Hal ini dilakukan koreksi geometris terhadap poligon-poligon kecil digeneralisasi kedalam poligon yang lebih besar.
Penyimpangan penggunaan lahan yang sebenarnya terjadi adalah sebagai berikut, dapat dilihat pada Tabel 19.
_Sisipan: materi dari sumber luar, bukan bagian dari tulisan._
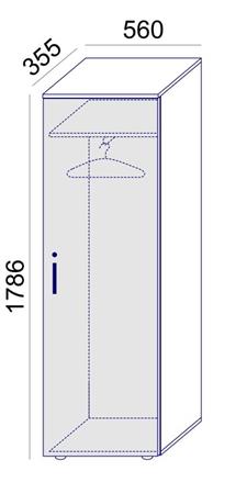 Jednodverová šatníková skriňa s policami, uzamykateľná kľúčom.

Tabel 19. Distribusi Penyimpangan sebenarnya hasil koreksi
No Penyimpangan
Luas Penyimpangan ha
1 Pemukiman pada areal Hutan
3,96 0,02
2 Lahan basah menjadi pemukiman
841,08 4,96
3 Pemukiman pada sempadan sutet
69,06 0.59
4 Lahan kering menjadi pemukiman
288,57 2,35
5 Permukiman pada TPU
13,11 0,07
Jumlah 1.215,78
7,08
Luas penyimpangan sebesar 7,08 dari luas wilayah Kota Tasikmalaya pada Tabel 19 adalah merupakan penyimpangan sebenarnya yang harus menjadi
pertimbangan dalam penyusunan RTRW yang akan datang, karena merupakan pelanggaran pada batas-batas penggunaan lahan yang ditetapkan dalam RTRW
2004-2014. Penyimpangan tersebut berupa lahan pertanian lahan basah dan lahan kering, areal Hutan dan TPU. Pemukiman di bawah SUTET merupakan
pelanggaran pada batas sempadan, karenanya harus ditertibkan atau direlokasi.